PMA treatment and DNA extraction

In Group P, saliva samples were centrifuged at 7000 rpm for 5 min, then the supernatant was discarded and the precipitate were rinsed with 1 ml PBS for once. A small amount of the sample was extracted and counted under microscope, then the sample was diluted with 1 × PBS to ensure that the concentration of bacteria was around 1 × 107–2 × 107/ml. 1.25 μl PMA solution (20 mM) was added to 500 μl diluted saliva sample, then the mixture was incubated for 5 min without light under intermittent oscillation and placed under a 650 W halogen lamp for 3 min with a distance of 6 cm away from the light source. The PMA-treated samples were centrifuged at 7000 rpm for 5 min and the supernatant was removed again, and the precipitate was rinsed with 1 ml PBS for once before genomic DNA extraction in terms of the research protocol by Sweet et al. [18].

PCR amplification and sequencing

The sequence of the V3-V4 region of 16S rRNA was analysed by high-throughput sequencing. A two-step PCR amplification method was used to construct the library.

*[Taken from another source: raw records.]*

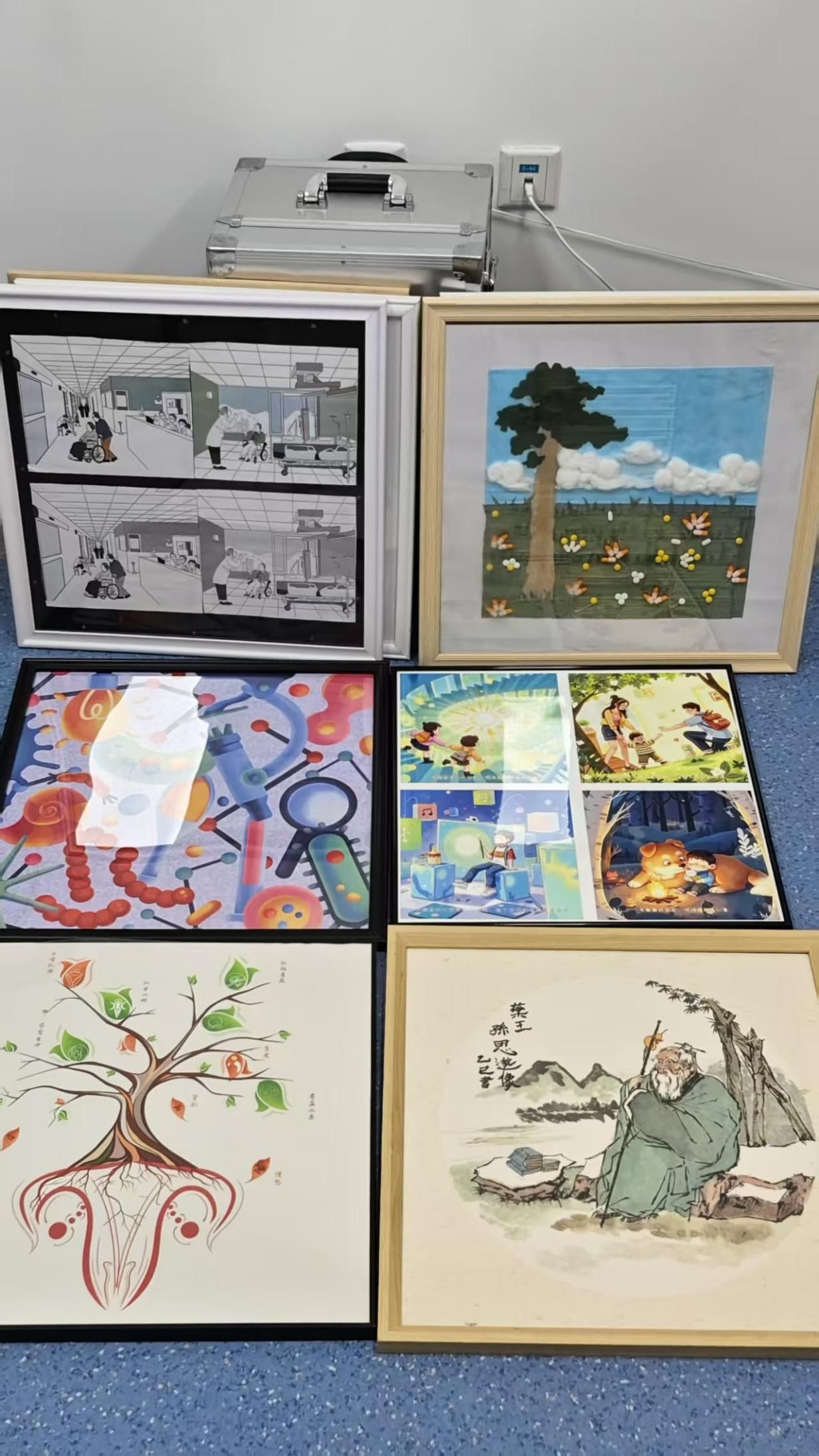 据悉,此次捐赠活动源于学生们对乳腺诊疗中心首席专家宋张骏教授的深切感谢之情。十余年前,他们的导师朱教授不幸罹患乳腺癌。经过宋张骏教授诊疗,目前仍健康生活并带教学生。众学生们偶然得知导师的抗癌治疗与康复过程,便萌生了用自己的专业所长,围绕医疗健康主题,为我院乳腺诊疗中心的患者送去温暖的想法。经过一段时间的精心构思、创作与打磨,十幅主题鲜明、风格多样的画作顺利完成,每一幅都承载着学生们对患者早日康复的美好祝愿。
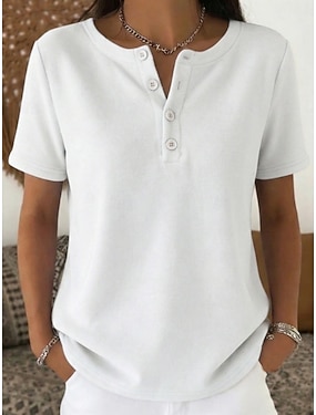 Dámské Tričko Tričko Top Knoflíky na hrudi Bez vzoru Módní stylové Klasické Krátký rukáv Henley Běžné topy Denní Jdeme ven Víkend Vodní modrá Černá Bílá Rubínově červená Námořnická modř Léto Jaro
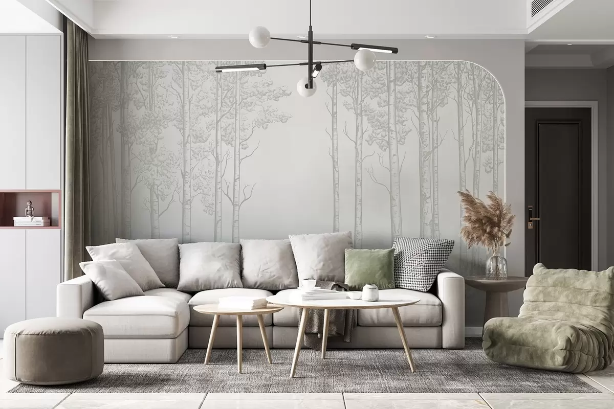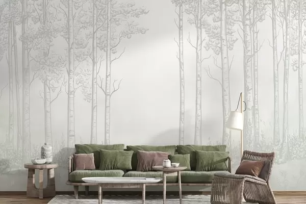 Zidne murale Šuma s brezama, minimalizam, priroda, zelena paleta boja br. w04009v1

The purified DNA was used as a template to be amplified by 16S rRNA V3-V4 region universal primer 357F (5′-ACTCCTACGGRAGGCAGCAG-3′) and 806R (5′-GGACTACHVGGGTWTCTAAT-3′) and detected via 1.2% agarose gel electrophoresis. The samples with good detection efficiency were recycled from the agarose gel electrophoresis, and 8 cycles of PCR amplification were carried out with the recovered product as a template. The sequences needed for Illumina platform sequencing was added to both ends of the target fragment. All the PCR products were recycled by AxyPrepDNA gel Recovery Kit (AXYGEN company) and quantified by FTC-3000TM Real-Time PCR. After the mole ratio was mixed, the library was constructed and sequenced on the Illumina platform.

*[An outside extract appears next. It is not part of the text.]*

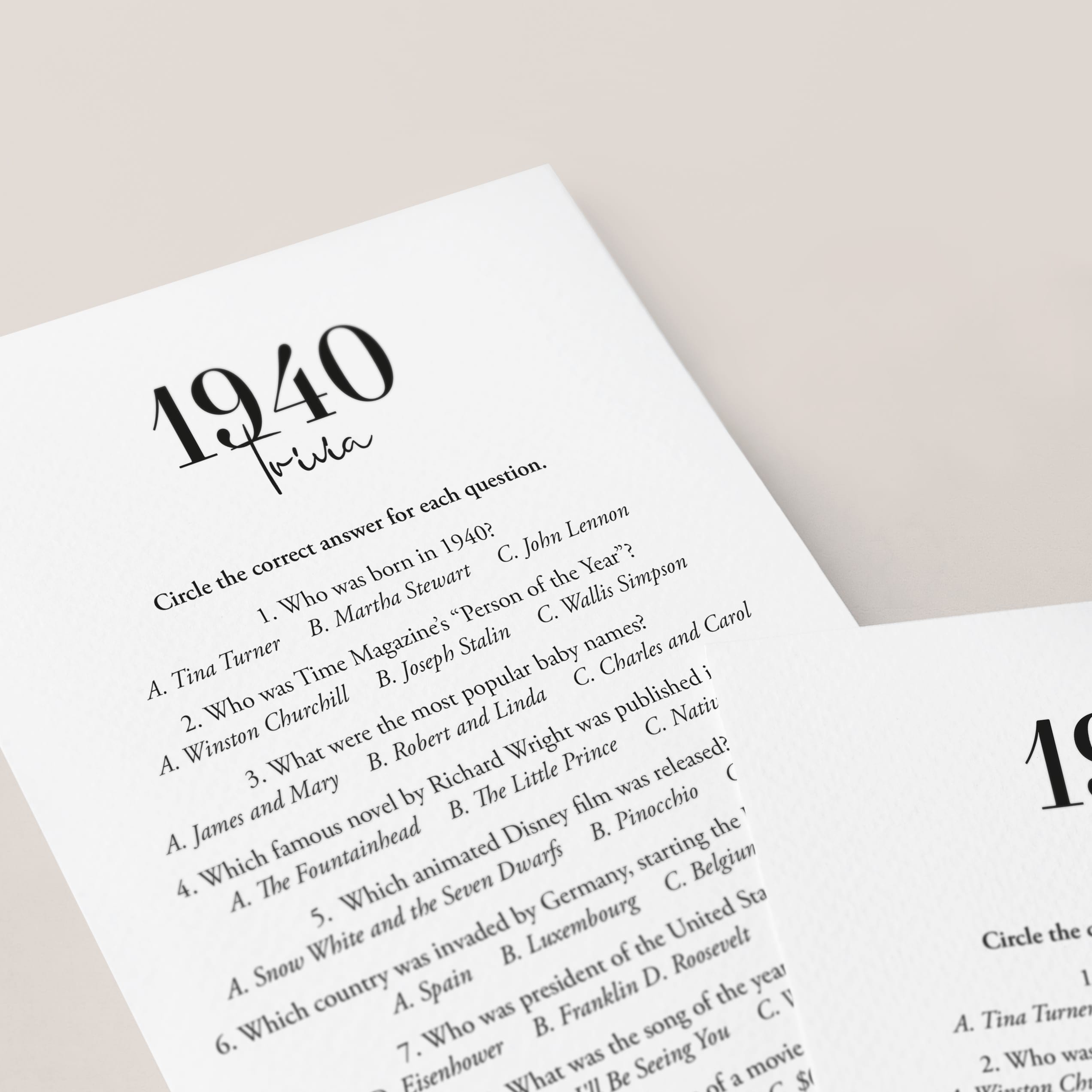 Are you looking for a fun game for a 85th birthday party? Look no further! This modern minimalist 1940 trivia with 10 multiple choice questions is such a fun game to play with your friends and family. Test your guests how well they know 1940's pop culture. It's the perfect addition to a birthday party for someone born in 1940.

The initial PCR mixtures contained 5× Buffer 10 μl, dNTP (10 mM) 1 μl, Phusion super fidelity DNA polymerase 1U, forward and reverse primers (10 mM) 1 μl, template DNA 20-50 ng, supplemental ultra-pure water to 50 μl. Thermal cycling consisted of an initial denaturation step at 94 °C for 2 min, followed by 24 cycles of denaturation 94 °C for 30 s, annealing at 56 °C for 30 s, and extension at 72 °C for 30 s, with a final extension step at 72 °C for 5 min. The secondary PCR mixtures contained 5× Buffer 8 μl, dNTP (10 mM) 1 μl, Phusion super fidelity DNA polymerase 0.8U, positive and reverse primers (10 mM) 1 μl, template DNA 5 μl, supplement ultra-pure water to 40 μl. Thermal cycling had similar procedures with the above, but the number of cycles were 8 and a heat preservation step at 10 °C was supplemented in the end.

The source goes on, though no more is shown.